*** Data provided Section Begins ***
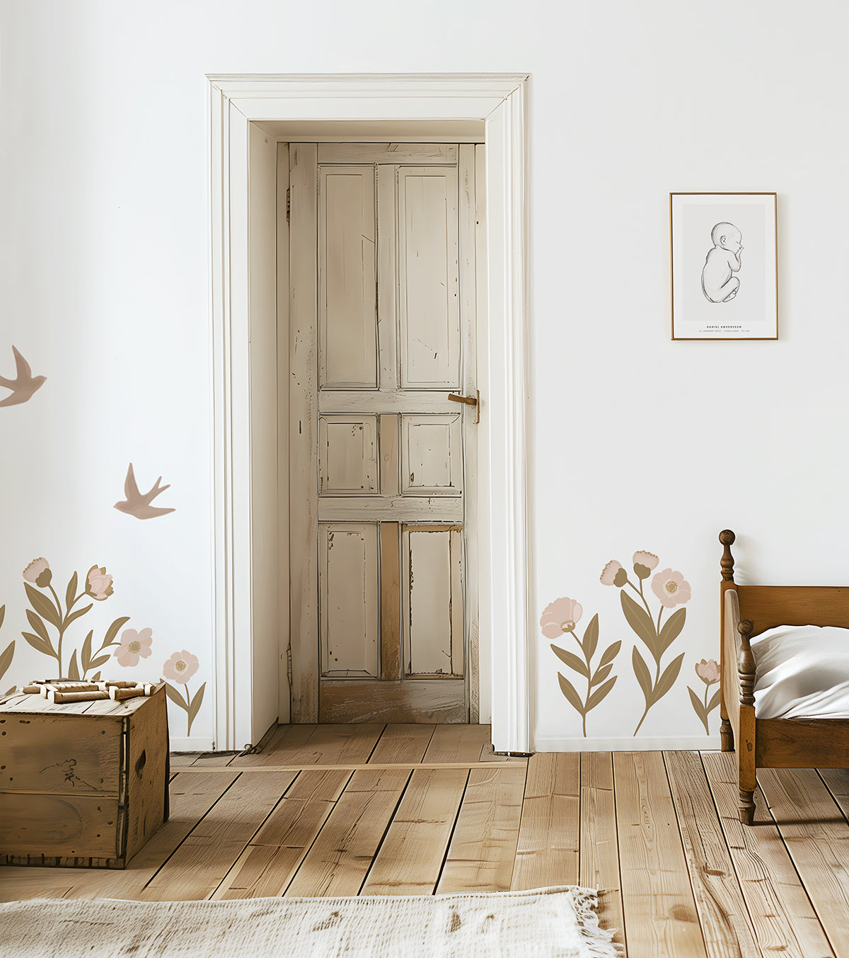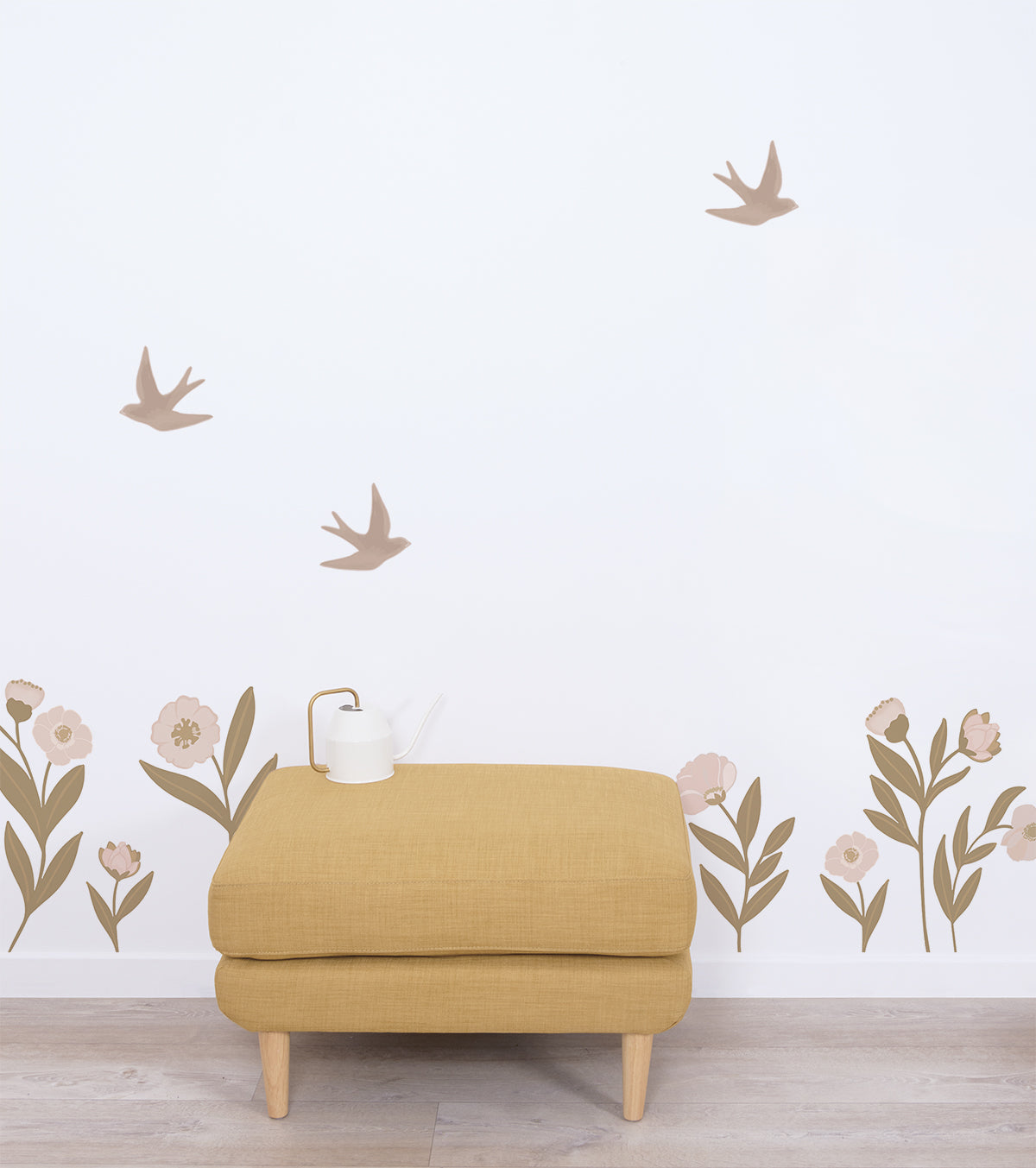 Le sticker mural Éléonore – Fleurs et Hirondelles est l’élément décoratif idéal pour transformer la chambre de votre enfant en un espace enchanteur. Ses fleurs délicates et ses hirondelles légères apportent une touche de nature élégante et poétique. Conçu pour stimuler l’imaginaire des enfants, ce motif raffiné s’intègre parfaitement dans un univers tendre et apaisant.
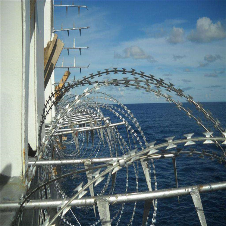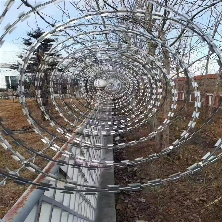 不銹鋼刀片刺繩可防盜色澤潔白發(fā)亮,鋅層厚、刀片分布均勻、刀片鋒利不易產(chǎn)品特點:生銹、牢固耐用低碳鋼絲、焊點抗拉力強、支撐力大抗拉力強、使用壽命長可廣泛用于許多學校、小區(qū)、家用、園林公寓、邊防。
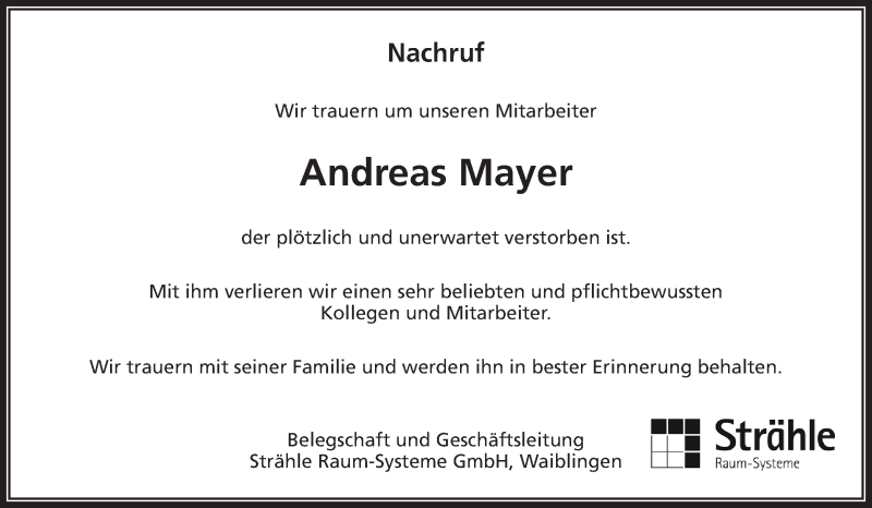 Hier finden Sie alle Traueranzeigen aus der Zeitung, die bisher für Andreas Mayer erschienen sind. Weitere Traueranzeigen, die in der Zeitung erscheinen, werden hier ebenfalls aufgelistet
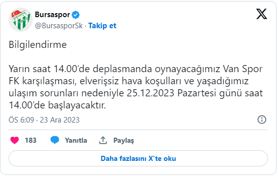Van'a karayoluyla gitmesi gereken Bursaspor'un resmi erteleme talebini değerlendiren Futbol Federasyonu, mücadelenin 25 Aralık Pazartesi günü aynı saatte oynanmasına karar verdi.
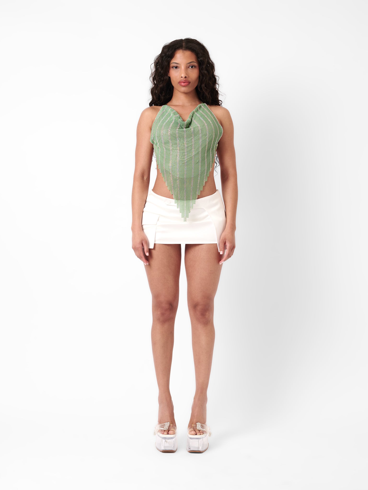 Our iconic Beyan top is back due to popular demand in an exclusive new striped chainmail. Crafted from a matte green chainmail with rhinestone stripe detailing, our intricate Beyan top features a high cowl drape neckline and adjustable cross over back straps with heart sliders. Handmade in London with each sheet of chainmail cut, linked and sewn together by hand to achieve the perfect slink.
*** Data provided Section Ends ***
*** Data provided Section Begins ***
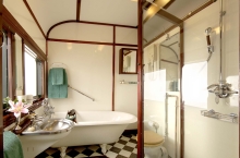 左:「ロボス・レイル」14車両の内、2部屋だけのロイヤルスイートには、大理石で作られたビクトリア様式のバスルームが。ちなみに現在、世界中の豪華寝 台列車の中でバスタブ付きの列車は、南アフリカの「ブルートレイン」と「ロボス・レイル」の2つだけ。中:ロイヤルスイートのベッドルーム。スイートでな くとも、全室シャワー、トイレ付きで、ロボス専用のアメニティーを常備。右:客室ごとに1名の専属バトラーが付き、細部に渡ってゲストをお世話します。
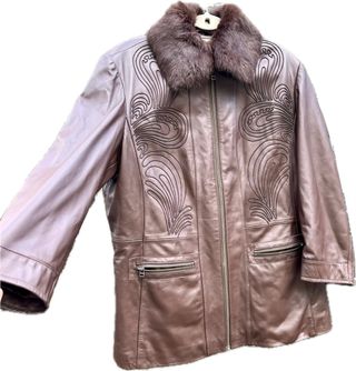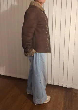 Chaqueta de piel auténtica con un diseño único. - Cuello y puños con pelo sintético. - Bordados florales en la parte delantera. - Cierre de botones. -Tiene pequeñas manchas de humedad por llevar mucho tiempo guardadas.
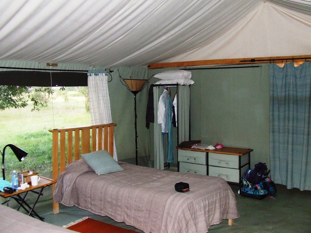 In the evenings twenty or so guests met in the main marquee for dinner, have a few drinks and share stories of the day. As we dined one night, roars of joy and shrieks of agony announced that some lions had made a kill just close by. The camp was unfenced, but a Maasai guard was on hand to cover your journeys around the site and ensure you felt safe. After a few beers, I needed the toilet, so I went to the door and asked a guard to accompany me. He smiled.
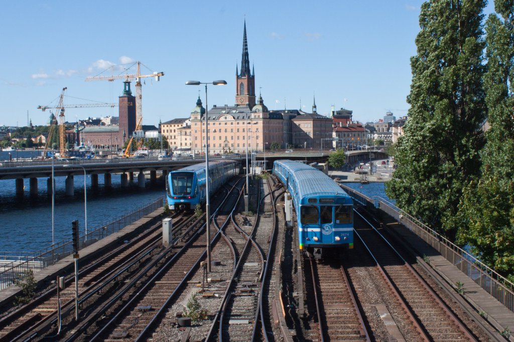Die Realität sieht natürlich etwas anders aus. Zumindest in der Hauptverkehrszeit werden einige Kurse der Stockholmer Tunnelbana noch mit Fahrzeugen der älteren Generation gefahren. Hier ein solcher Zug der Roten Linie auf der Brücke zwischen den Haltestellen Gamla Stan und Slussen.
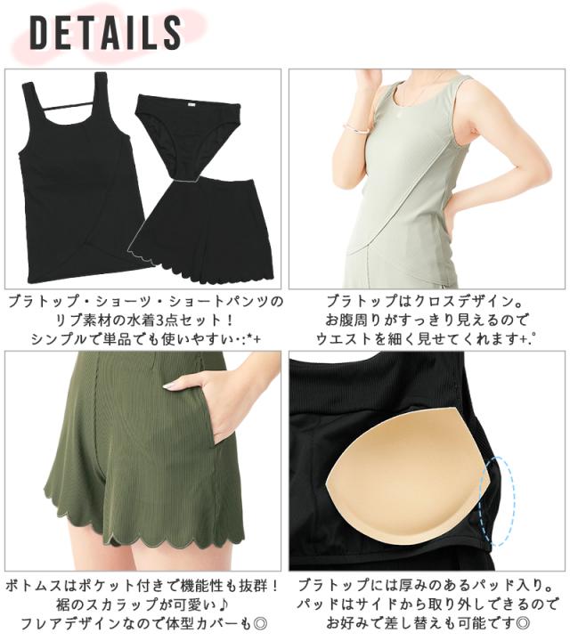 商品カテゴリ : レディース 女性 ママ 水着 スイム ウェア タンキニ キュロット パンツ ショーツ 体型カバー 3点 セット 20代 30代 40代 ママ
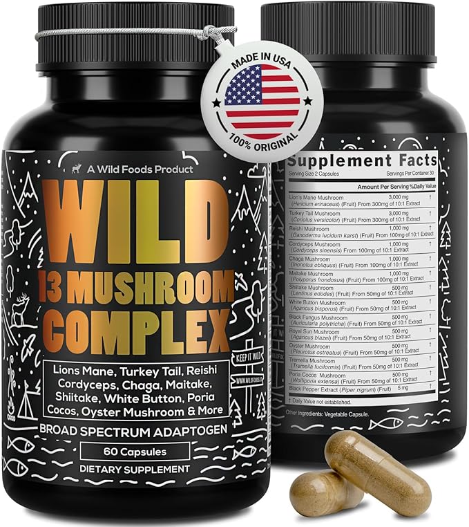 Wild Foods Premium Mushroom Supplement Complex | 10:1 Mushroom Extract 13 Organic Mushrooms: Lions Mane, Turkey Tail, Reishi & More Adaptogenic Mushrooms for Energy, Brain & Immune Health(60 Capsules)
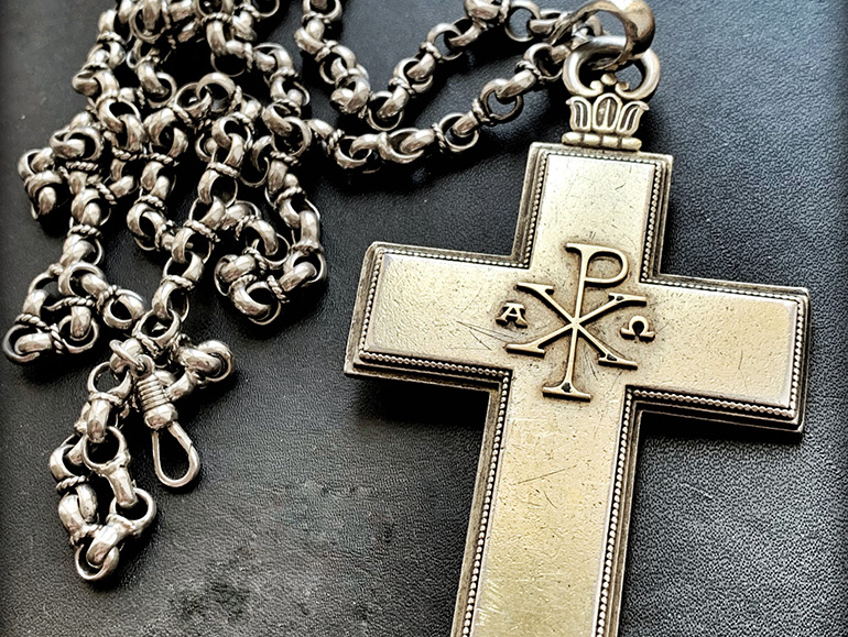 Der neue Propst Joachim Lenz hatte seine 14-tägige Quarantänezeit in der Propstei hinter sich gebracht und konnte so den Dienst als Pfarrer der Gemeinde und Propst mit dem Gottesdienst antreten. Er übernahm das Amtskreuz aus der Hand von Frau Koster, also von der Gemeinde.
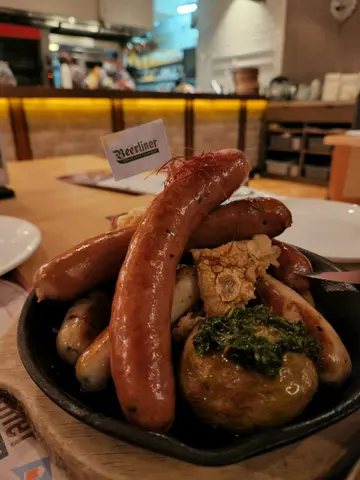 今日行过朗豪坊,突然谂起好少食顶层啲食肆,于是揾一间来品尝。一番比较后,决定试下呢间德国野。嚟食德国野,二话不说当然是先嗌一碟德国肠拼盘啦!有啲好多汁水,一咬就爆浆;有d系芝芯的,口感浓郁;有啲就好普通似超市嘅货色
*** Data provided Section Ends ***
### Exercise
Would you output the lines above from the line holding "Le sticker mural" up to and including the line holding "不銹鋼刀片刺繩可防盜色澤潔白", exactly and only those, with no pictures?

### Task solution
 Le sticker mural Éléonore – Fleurs et Hirondelles est l’élément décoratif idéal pour transformer la chambre de votre enfant en un espace enchanteur. Ses fleurs délicates et ses hirondelles légères apportent une touche de nature élégante et poétique. Conçu pour stimuler l’imaginaire des enfants, ce motif raffiné s’intègre parfaitement dans un univers tendre et apaisant.
 不銹鋼刀片刺繩可防盜色澤潔白發(fā)亮,鋅層厚、刀片分布均勻、刀片鋒利不易產(chǎn)品特點:生銹、牢固耐用低碳鋼絲、焊點抗拉力強、支撐力大抗拉力強、使用壽命長可廣泛用于許多學校、小區(qū)、家用、園林公寓、邊防。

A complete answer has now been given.